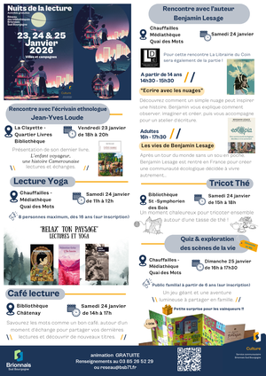 Votre réseau de bibliothèques vous propose un programme varié pour « Les nuits de la lecture », rencontres d’auteurs, lectures, quiz et même du yoga et tricot !
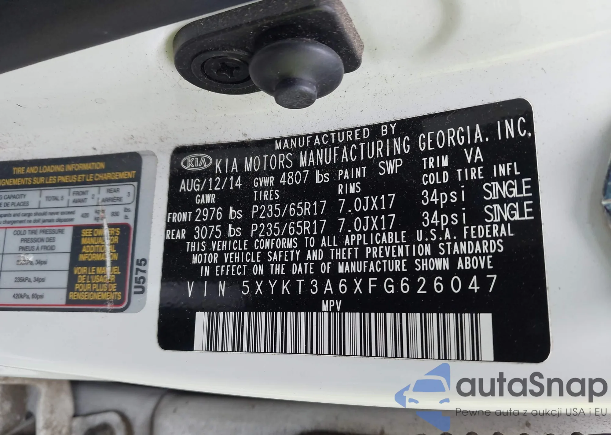 • VIN 5XYKT3A6XFG626047
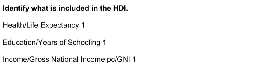Since 1971 Bangladesh has experienced significant economic development, moving from the low-income to the lower-middle-income country classification. Gross National Income (GNI) per capita at constant 2017 prices in United States dollars (\$) rose from \$2342 to \$5823 between 2000 and 2020. Over the same period, the country's Human Development Index (HDI) rose from 0.49 to 0.66 . During this period, Bangladesh underwent changes in employment as it moved from the agricultural sector to the manufacturing and services sectors. First, in agriculture, output increased by more than $$\(100 \%\)$$ whilst employment fell from $$\(65 \%\)$$ to $$\(38 \%\)$$ of the working population. This change was helped by innovation in crop irrigation, land preparation and harvesting, aided by the development of local industries to provide the capital equipment needed. A second source of economic development was the growth in the clothing industry producing ready-made garments (RMG) that contributed about $$\(11 \%\)$$ of Bangladesh's Gross Domestic Product (GDP) and employed 4.4 million workers of which 2.5 million were women (2020). The industry uses significant division of labour with production split into 10 or more processes, for example, cutting, sewing zips, assembly and packaging. The value of raw materials imported for the RMG industry was about half of the value of the industry's exports. Net exports from this sector stood at $$\(\$ 23\)$$ billion. This enabled Bangladesh to both import a wider range of goods and services and reduce the deficit on its balance of trade in goods. In 2020, there were more than 4000 RMG manufacturers in Bangladesh, differentiated by the quality of their products and the speed of their delivery. The RMG industry supplied more than 100 major US and European retailers. However, the RMG industry has critics who point to air and water pollution from the chemicals used in cotton growing and manufacturing clothes. The industry is also accused of employing child labour and of having poorly constructed factories. Sources: Bangladesh overview: World Bank, 11 April 2024 and Quarterly Review on Readymade Garments, Bangladesh Bank Research Department, 14 February 2023 Identify what is included in the HDI.
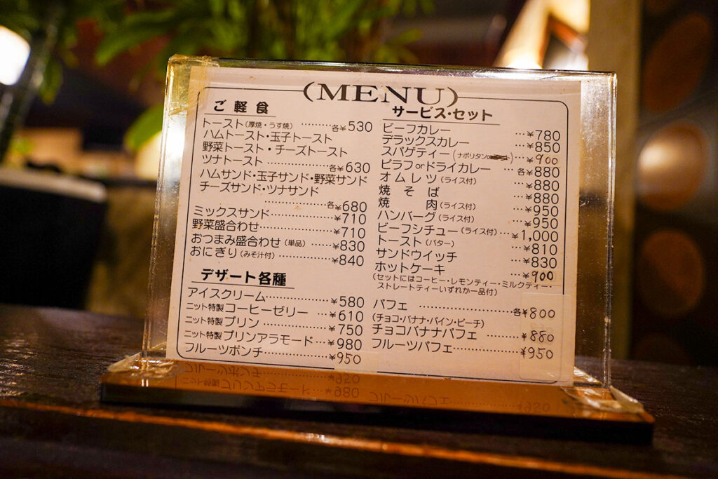 創業は昭和41年(1966年)。ユニークな店名の由来ですが、実はかつてニット(メリヤス)工場だったそうです。工場から喫茶店へと業態を変え、現在は3代目の店主とともに、90代になる女将さんも現役で切り盛りされています。
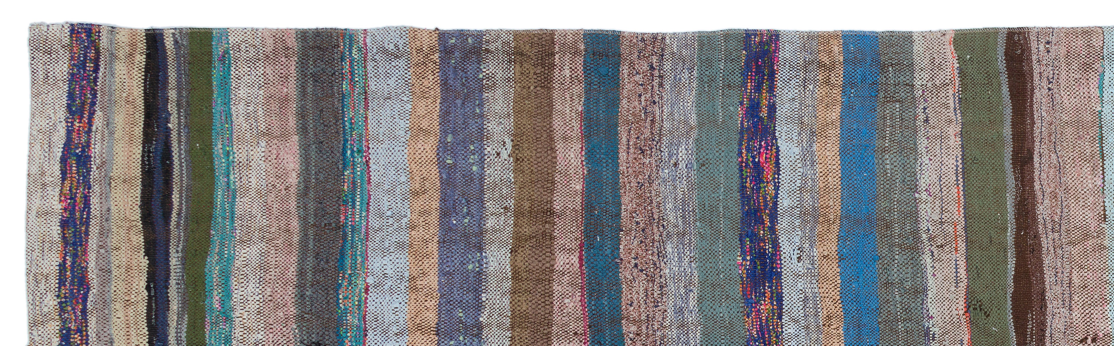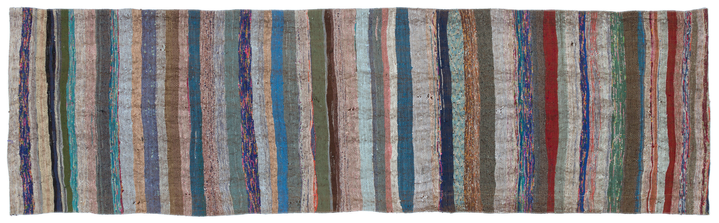 Girit Kahverengi Çizgili Yün El Dokuma Halısı 105 x 348
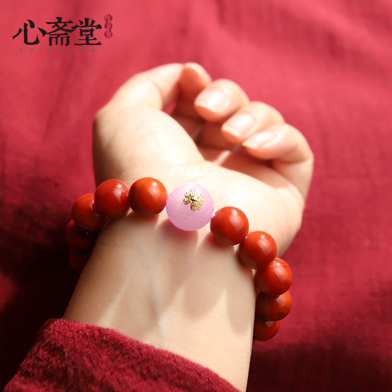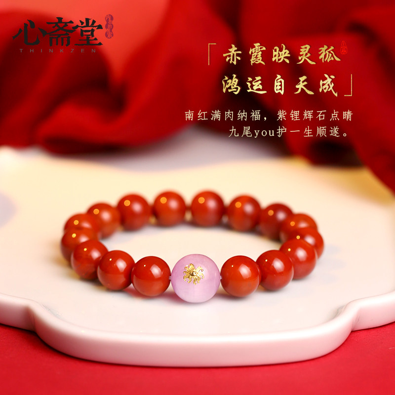 心斋堂【赤霞灵佑】收藏凉山南红玛瑙手串满色满肉柿子红九尾手链
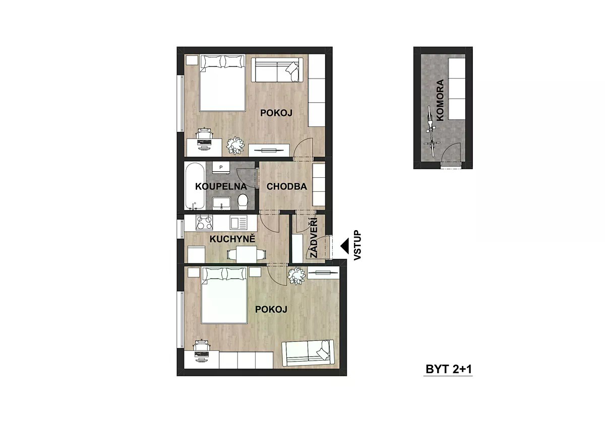 Nabízíme k prodeji světlý a prakticky řešený cihlový byt s ideální dispozicí 2+1 o celkové ploše 58,4 m² v osobním vlastnictví. Byt se nachází ve 3. nadzemním podlaží polyfunkčního pětipodlažního domu z roku 2007 v žádané lokalitě ulice Masná přímo v centru Brna, pouhé dvě zastávky od historického centra města. V domě je k dispozici výtah do 2. nadzemního podlaží. Byt je situován na chodbě společné pouze pro dva byty, přístup přes uzamykatelné dveře mají pouze majitelé, což zajišťuje maximální soukromí a bezpečí. Dispozice bytu je účelná a příjemná. Okna orientovaná na východ do klidného vnitrobloku poskytují dostatek světla i soukromí. Dva samostatné neprůchozí pokoje umožňují variabilní využití a zajišťují komfortní bydlení. Menší vybavená kuchyň, koupelna s vanou a toaletou doplněná o elektrický topný žebřík a prostorná předsíň dokončují funkční uspořádání bytu. Vytápění je dálkové a stav bytu umožňuje okamžité nastěhování. Součástí bytu je také prostorná zděná komora na stejném patře, poskytující praktický úložný prostor. Parkování je možné na velkém veřejném parkovišti v blízkosti domu. Lokalita nabízí vše, co moderní městský život vyžaduje - skvělou dostupnost MHD s tramvajovými, autobusovými i trolejbusovými zastávkami přímo u domu a pěší dostupnost na Hlavní nádraží, obchodní centrum Vaňkovka i historické centrum Brna. V okolí najdete obchody, restaurace, kavárny, kina, divadla, sportoviště i prémiové kanceláře Vlněna. Kompletní občanská vybavenost a atraktivní adresa činí z této nemovitosti velmi žádané místo k bydlení i investici. Nemovitost spolu s atraktivní lokalitou představuje ideální volbu jak pro vlastní pohodlné bydlení, tak i jako zajímavou investiční příležitost k pronájmu. V případě zájmu nás neváhejte kontaktovat. Rádi vám poskytneme více informací nebo domluvíme prohlídku.

## Work instructions
Reproduce, exactly and only, the lines of the records above starting at the line with "創業は昭和41年(1966年" and ending at the line with "心斋堂【赤霞灵佑】收藏凉山南红玛瑙手串满色满肉柿子红九尾手链", both included. Leave every picture out.

## Your response
 創業は昭和41年(1966年)。ユニークな店名の由来ですが、実はかつてニット(メリヤス)工場だったそうです。工場から喫茶店へと業態を変え、現在は3代目の店主とともに、90代になる女将さんも現役で切り盛りされています。
 Girit Kahverengi Çizgili Yün El Dokuma Halısı 105 x 348
 心斋堂【赤霞灵佑】收藏凉山南红玛瑙手串满色满肉柿子红九尾手链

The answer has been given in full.